> **ABOUT THIS TASK**
Give back the whole listing exactly as written, leaving out each picture.
DATA: Begin
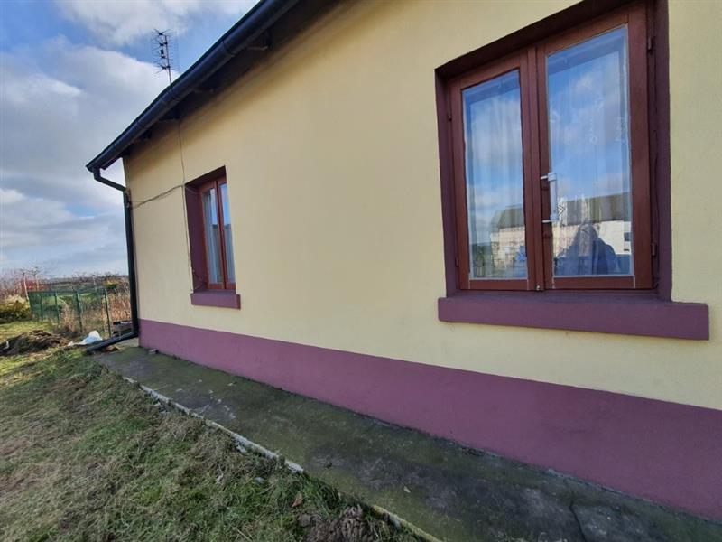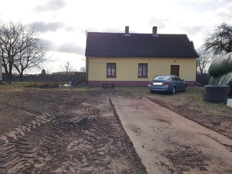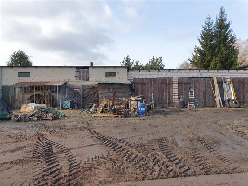 Działka nr 128/1 o pow. 19 793 m2 o wymiarach ok. 69,00 m x 287,00 m. Teren działki płaski, brak znaczących deniwelacji terenu. Działka jest ogrodzona w części siedliskowej, zagospodarowana. Działka częściowo ogrodzona ogrodzeniem z elementów betonowych w stanie technicznym średnim. Od frontu brama stalowa z furtką, otwierane ręcznie. Nieruchomość gruntowa zabudowana jest budynkiem jednorodzinnym wolnostojącym, niepodpiwniczonym parterowym o konstrukcji murowanej, o pow. zabudowy 67,00 m2, pow. uż. 56,95 m2. Na działce znajduje się zabudowa gospodarcza: stodoła o pow. zab. 308 m2, p.u. 261,80 m2, budynek gospodarczy o pow. zab. 108 m2, p.u. 91,80 m2, budynek gospodarczy o pow. zab. 63 m2, p.u. 53,55 m2, budynek gospodarczy o pow. zab. 70 m2, p.u. 59,50 m2. Zabudowa siedliskowa powstała w latach 60 – tych XX w. Budynek mieszkalny murowany parterowy, dach dwuspadowy o konstrukcji drewnianej. kryty papą. Stolarka okienna drewniana, starego typu, stolarka drzwiowa płycinowa typowa. Dom składa się z kuchni, dwóch pokoi oraz WC.
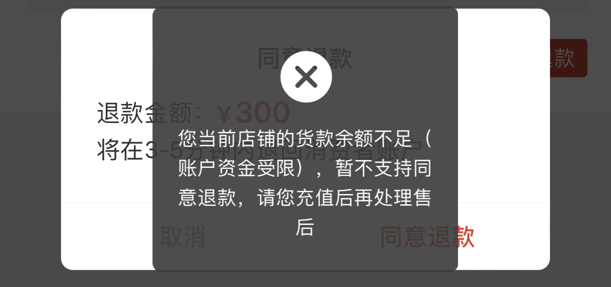 故意设计得让顾客手滑下单,一个月退款订单比其他平台一年都多,每笔订单都收技术服务费。我是没交保证金还是怎么滴?货款余额不够你先从保证金里扣啊!
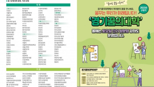◦ 경기꿈의대학 1학기, 4월 11일부터 6월 22일까지 8주간 운영◦ 132개 기관에 청소년 2만 2백여 명 수강◦ 방문형 408개, 거점형 405개, 온라인형 288개 등 총 1,101개 강좌 개설 경기도교육청(교육감 이재정)이 11일부터 6월 22일까지 경기꿈의대학 1학기 강의를 운영한다.1학기 강의는 98개 대학과 34개 참여기관에서 청소년 2만 2백여 명을 대상으로 …
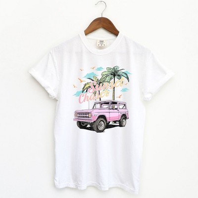 Ride into style with this Dragon Ball Z tee. The shirt features the anime characters driving a blue jeep under red letters that spell out the series title while red kanji letters appear next to the image. The tee comes in a white short sleeve crew neck. Fans of the Dragon Ball Z anime series will love this comfy cotton t-shirt.
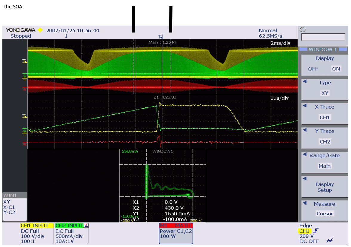 В DLM2000/DL9000 уровни берутся из CH1 (Vds) для оси X и формы сигнала CH2 (Id) для оси Y. SOA можно подтвердить, посмотрев на корреляцию между двумя уровнями входного сигнала. Возможно одновременное наблюдение за формами сигнала X-Y и обычными формами сигнала T-Y (отображение формы сигнала с использованием оси времени и уровня). Кроме того, поскольку вы можете поместить курсор в произвольное место на отображаемой форме сигнала SOA, чтобы прочитать его значение, вы можете легко проверить, находится ли уровень в пределах.
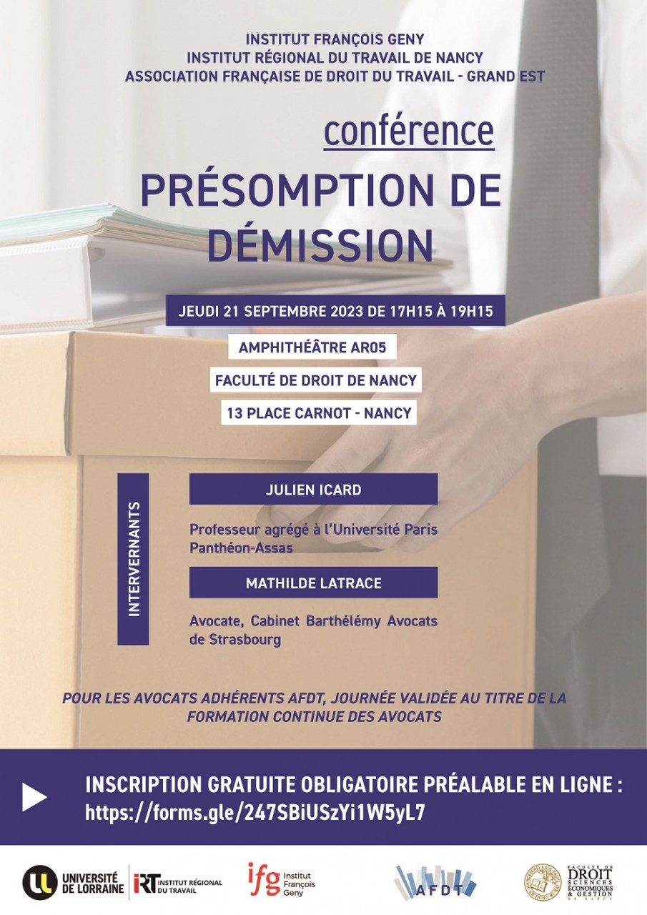 Conférence organisée dans le cadre du cycle de conférences de l'Association Française de Droit du Travail et de la Sécurité Sociale Grand Est avec le soutien et le concours de l'Institut François Geny, de l'Institut Régional du Travail Nancy et de la Faculté de Droit, Sciences économiques et Gestion de Nancy
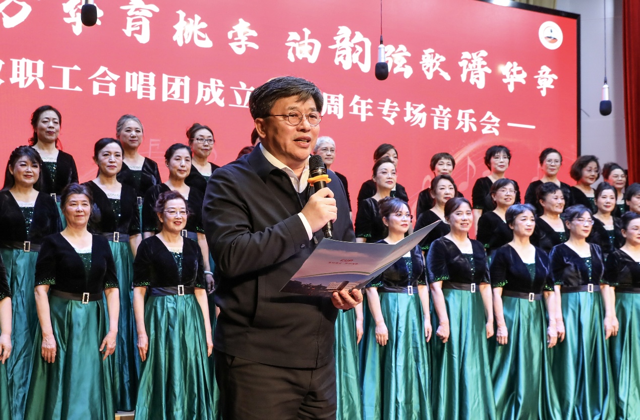 韩克飞向教职工合唱团成立20周年表示祝贺,指出教职工合唱团作为校园文化重要载体,以美育人、以文化人,二十年来生动践行了“讲台育桃李,舞台传薪火”的双重使命。他希望教职工合唱团不忘初心、再接再厉,继续做校园文化的引领者、团结奋进的践行者、学校形象的展示者,为学校高质量发展注入人文力量。他表示,学校将持续关心支持教职工合唱团的建设发展,期待合唱团为学校高质量发展谱写更壮美的和声。
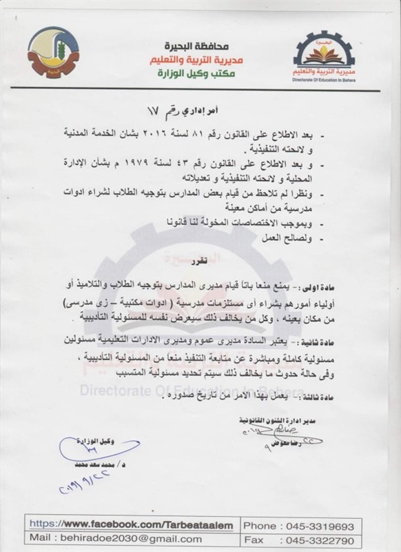 أصدرت مديرية التربية والتعليم بالبحيرة، أمر إداري رقم (17) لجميع الإدارات التعليمية التابعة للمحافظة، يتضمن الآتي:
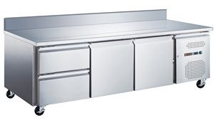 1795x700x950 мм, 230В, 0,23 кВт, 417 л, -2…+8 С, 2 двери, полки GN1/1, одна полка для каждой двери в комплекте, 2 ящика, столешница из нержавеющей стали, с бортом, боковое расположение холодильного агрегата, динамическое охлаждение, на колесах
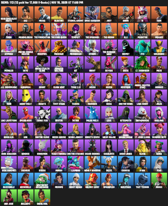 Home » Products » Fortnite Account ( XBOX ) (Gear Specialist Maya, Lara Croft, Raz, Midas, Blastoff, Eternal Knight, Spire Assassin, Joey, Ronin, Vi, Fade, Torin, Mandalorian, The Foundation, Tempest, Alli, Predator) (113 Skins)
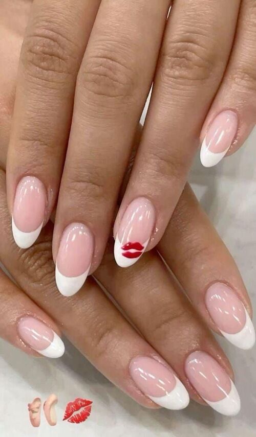 Classic French tip nails with a single kiss accent are timeless, clean, and subtly romantic.
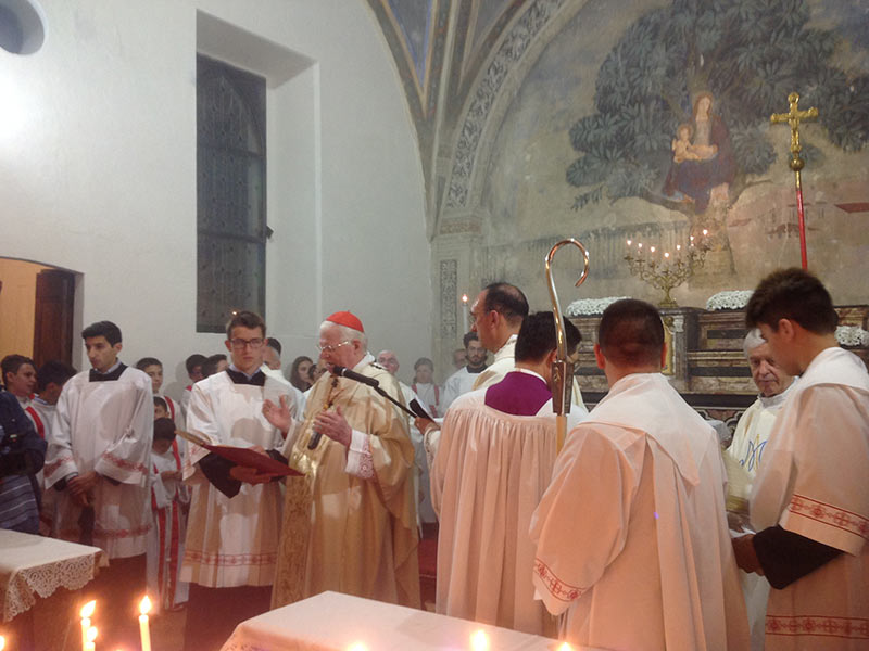 La gente sulla strada che sfida la pioggia battente, i Sindaci, i gonfaloni dei Comuni del territorio, la parrocchiale gremitissima, l’Inno alla Madonna dell’Albero, i 12 Kyrie che aprono il Rito come in ogni solenne celebrazione ambrosiana. Per i 500 anni del Santuario della Madonna dell’Albero, nell’anniversario esatto del mezzo millennio della sua dedicazione, a Carimate arriva il cardinale Scola, circondato dall’affetto dei moltissimi fedeli giunti da tutta la zona, per presiedere la Messa serale, concelebrata da una decina di sacerdoti nella chiesa di San Giorgio e Maria Immacolata. «Un momento di particolare grazia, misterioso e affascinante – dice don Arnaldo Mavero, responsabile della Comunità pastorale San Paolo di Figino Serenza e decano di Cantù -. In questa celebrazione presieduta dal Vescovo si rivela, in modo speciale, la presenza della Chiesa. Grazie dall’intera Comunità della Serenza: che la Madonna ci accompagni e ci aiuti ad avere sempre limpida la coscienza della appartenenza alla Chiesa umile e povera».
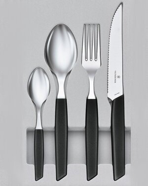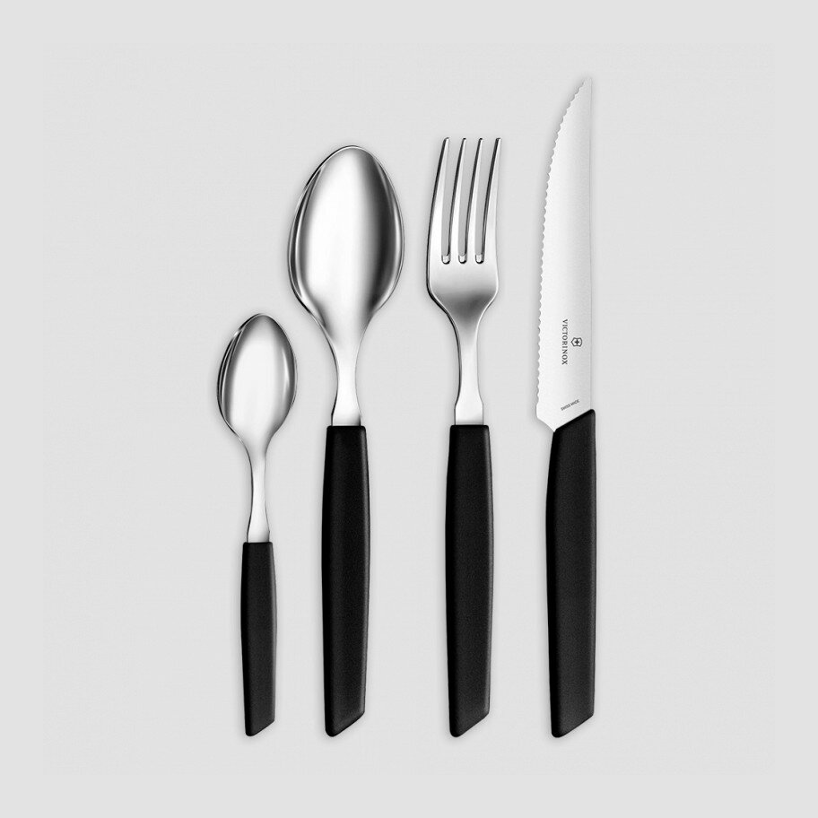 Набор столовых принадлежностей Victorinox Swiss Modern: 6 ножей для стейка, 6 вилок, 12 ложек. Серия Swiss Modern Extension привнесёт сдержанную элегантность на вашу кухню. Этот изысканный ассортимент столовых приборов изготовлен из прочной нержавеющей стали, пригодной для мытья в посудомоечной машине. Новые яркие тона и минималистичный чёрный цвет ручек с противоскользящим покрытием придают коллекции современную модную эстетику. Лезвия ножей сверхострые и предназначены для легкого нарезания, в то время как остальная часть ассортимента идеально подходит для непринужденной трапезы, которую можно разделить с семьей и друзьями. Ключевые особенности: Современные столовые приборы для ежедневных трапез Все ножи оснащены острым лезвием с волнистой кромкой Изготовлены из нержавеющей стали, с синтетическими ручками современной формы Характеристики: Материал рукояти: сополимер полипропилена. Тип металла: нержавеющая сталь. Упаковка: складная картонная коробка. Пригодность для мытья в посудомоечной машине: да. В комплек
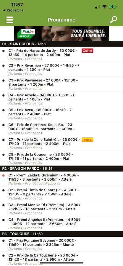 — Programmes des courses PMU d’hier, d’aujourd’hui et de demain
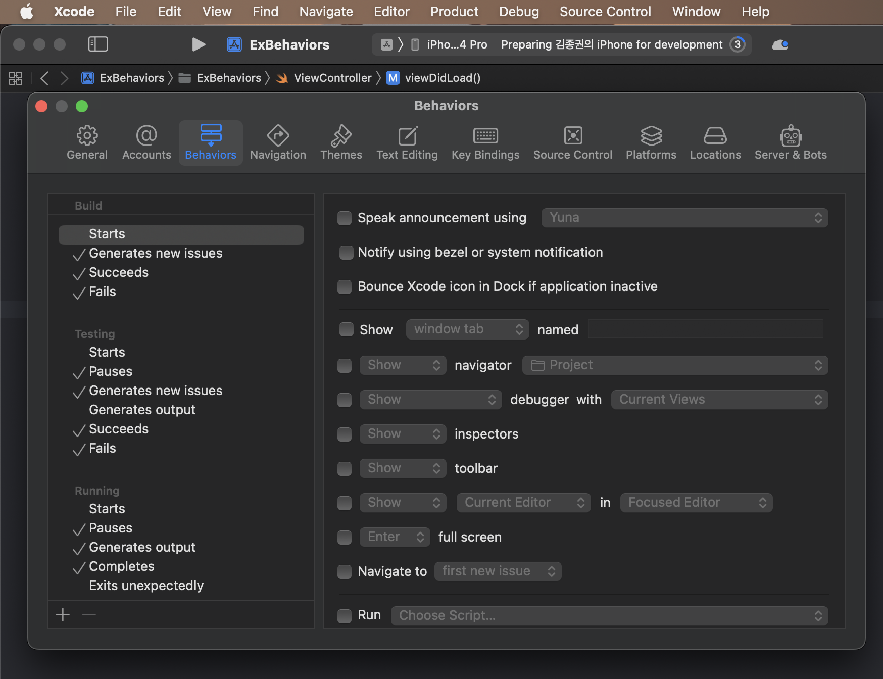 - Xcode > Behaviors > 아까 만들었던 커스텀 behavior를 선택한 후, 쉘스크립트를 선택
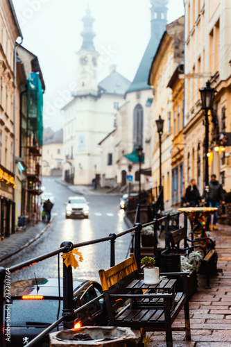 Typical European City Scene Cathedral Church Architecture Overcast Weather Street Outdoors
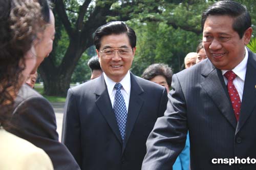 圖:胡錦濤與印尼總統(tǒng)蘇希洛舉行會(huì)談
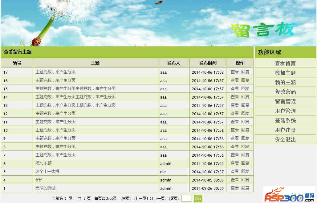 2、未登陆用户可以查看留言。登陆用户可以发布留言主题和回复留言,可以删除自己建言的留言主题。管理员可以删除主题和回复。
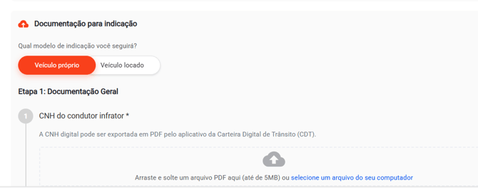 Caso seja Proprietário(a), as informações obrigatórias são: CNH ou RG, Termo de responsabilidade (Documento que te autoria a assinar uma infração em nome do condutor)
DATA: End
> **RESPONSE**
 Działka nr 128/1 o pow. 19 793 m2 o wymiarach ok. 69,00 m x 287,00 m. Teren działki płaski, brak znaczących deniwelacji terenu. Działka jest ogrodzona w części siedliskowej, zagospodarowana. Działka częściowo ogrodzona ogrodzeniem z elementów betonowych w stanie technicznym średnim. Od frontu brama stalowa z furtką, otwierane ręcznie. Nieruchomość gruntowa zabudowana jest budynkiem jednorodzinnym wolnostojącym, niepodpiwniczonym parterowym o konstrukcji murowanej, o pow. zabudowy 67,00 m2, pow. uż. 56,95 m2. Na działce znajduje się zabudowa gospodarcza: stodoła o pow. zab. 308 m2, p.u. 261,80 m2, budynek gospodarczy o pow. zab. 108 m2, p.u. 91,80 m2, budynek gospodarczy o pow. zab. 63 m2, p.u. 53,55 m2, budynek gospodarczy o pow. zab. 70 m2, p.u. 59,50 m2. Zabudowa siedliskowa powstała w latach 60 – tych XX w. Budynek mieszkalny murowany parterowy, dach dwuspadowy o konstrukcji drewnianej. kryty papą. Stolarka okienna drewniana, starego typu, stolarka drzwiowa płycinowa typowa. Dom składa się z kuchni, dwóch pokoi oraz WC.
 故意设计得让顾客手滑下单,一个月退款订单比其他平台一年都多,每笔订单都收技术服务费。我是没交保证金还是怎么滴?货款余额不够你先从保证金里扣啊!
◦ 경기꿈의대학 1학기, 4월 11일부터 6월 22일까지 8주간 운영◦ 132개 기관에 청소년 2만 2백여 명 수강◦ 방문형 408개, 거점형 405개, 온라인형 288개 등 총 1,101개 강좌 개설 경기도교육청(교육감 이재정)이 11일부터 6월 22일까지 경기꿈의대학 1학기 강의를 운영한다.1학기 강의는 98개 대학과 34개 참여기관에서 청소년 2만 2백여 명을 대상으로 …
 Ride into style with this Dragon Ball Z tee. The shirt features the anime characters driving a blue jeep under red letters that spell out the series title while red kanji letters appear next to the image. The tee comes in a white short sleeve crew neck. Fans of the Dragon Ball Z anime series will love this comfy cotton t-shirt.
 В DLM2000/DL9000 уровни берутся из CH1 (Vds) для оси X и формы сигнала CH2 (Id) для оси Y. SOA можно подтвердить, посмотрев на корреляцию между двумя уровнями входного сигнала. Возможно одновременное наблюдение за формами сигнала X-Y и обычными формами сигнала T-Y (отображение формы сигнала с использованием оси времени и уровня). Кроме того, поскольку вы можете поместить курсор в произвольное место на отображаемой форме сигнала SOA, чтобы прочитать его значение, вы можете легко проверить, находится ли уровень в пределах.
 Conférence organisée dans le cadre du cycle de conférences de l'Association Française de Droit du Travail et de la Sécurité Sociale Grand Est avec le soutien et le concours de l'Institut François Geny, de l'Institut Régional du Travail Nancy et de la Faculté de Droit, Sciences économiques et Gestion de Nancy
 韩克飞向教职工合唱团成立20周年表示祝贺,指出教职工合唱团作为校园文化重要载体,以美育人、以文化人,二十年来生动践行了“讲台育桃李,舞台传薪火”的双重使命。他希望教职工合唱团不忘初心、再接再厉,继续做校园文化的引领者、团结奋进的践行者、学校形象的展示者,为学校高质量发展注入人文力量。他表示,学校将持续关心支持教职工合唱团的建设发展,期待合唱团为学校高质量发展谱写更壮美的和声。
 أصدرت مديرية التربية والتعليم بالبحيرة، أمر إداري رقم (17) لجميع الإدارات التعليمية التابعة للمحافظة، يتضمن الآتي:
 1795x700x950 мм, 230В, 0,23 кВт, 417 л, -2…+8 С, 2 двери, полки GN1/1, одна полка для каждой двери в комплекте, 2 ящика, столешница из нержавеющей стали, с бортом, боковое расположение холодильного агрегата, динамическое охлаждение, на колесах
 Home » Products » Fortnite Account ( XBOX ) (Gear Specialist Maya, Lara Croft, Raz, Midas, Blastoff, Eternal Knight, Spire Assassin, Joey, Ronin, Vi, Fade, Torin, Mandalorian, The Foundation, Tempest, Alli, Predator) (113 Skins)
 Classic French tip nails with a single kiss accent are timeless, clean, and subtly romantic.
 La gente sulla strada che sfida la pioggia battente, i Sindaci, i gonfaloni dei Comuni del territorio, la parrocchiale gremitissima, l’Inno alla Madonna dell’Albero, i 12 Kyrie che aprono il Rito come in ogni solenne celebrazione ambrosiana. Per i 500 anni del Santuario della Madonna dell’Albero, nell’anniversario esatto del mezzo millennio della sua dedicazione, a Carimate arriva il cardinale Scola, circondato dall’affetto dei moltissimi fedeli giunti da tutta la zona, per presiedere la Messa serale, concelebrata da una decina di sacerdoti nella chiesa di San Giorgio e Maria Immacolata. «Un momento di particolare grazia, misterioso e affascinante – dice don Arnaldo Mavero, responsabile della Comunità pastorale San Paolo di Figino Serenza e decano di Cantù -. In questa celebrazione presieduta dal Vescovo si rivela, in modo speciale, la presenza della Chiesa. Grazie dall’intera Comunità della Serenza: che la Madonna ci accompagni e ci aiuti ad avere sempre limpida la coscienza della appartenenza alla Chiesa umile e povera».
 Набор столовых принадлежностей Victorinox Swiss Modern: 6 ножей для стейка, 6 вилок, 12 ложек. Серия Swiss Modern Extension привнесёт сдержанную элегантность на вашу кухню. Этот изысканный ассортимент столовых приборов изготовлен из прочной нержавеющей стали, пригодной для мытья в посудомоечной машине. Новые яркие тона и минималистичный чёрный цвет ручек с противоскользящим покрытием придают коллекции современную модную эстетику. Лезвия ножей сверхострые и предназначены для легкого нарезания, в то время как остальная часть ассортимента идеально подходит для непринужденной трапезы, которую можно разделить с семьей и друзьями. Ключевые особенности: Современные столовые приборы для ежедневных трапез Все ножи оснащены острым лезвием с волнистой кромкой Изготовлены из нержавеющей стали, с синтетическими ручками современной формы Характеристики: Материал рукояти: сополимер полипропилена. Тип металла: нержавеющая сталь. Упаковка: складная картонная коробка. Пригодность для мытья в посудомоечной машине: да. В комплек
 — Programmes des courses PMU d’hier, d’aujourd’hui et de demain
 - Xcode > Behaviors > 아까 만들었던 커스텀 behavior를 선택한 후, 쉘스크립트를 선택
 Typical European City Scene Cathedral Church Architecture Overcast Weather Street Outdoors
 圖:胡錦濤與印尼總統(tǒng)蘇希洛舉行會(huì)談
 2、未登陆用户可以查看留言。登陆用户可以发布留言主题和回复留言,可以删除自己建言的留言主题。管理员可以删除主题和回复。
 Caso seja Proprietário(a), as informações obrigatórias são: CNH ou RG, Termo de responsabilidade (Documento que te autoria a assinar uma infração em nome do condutor)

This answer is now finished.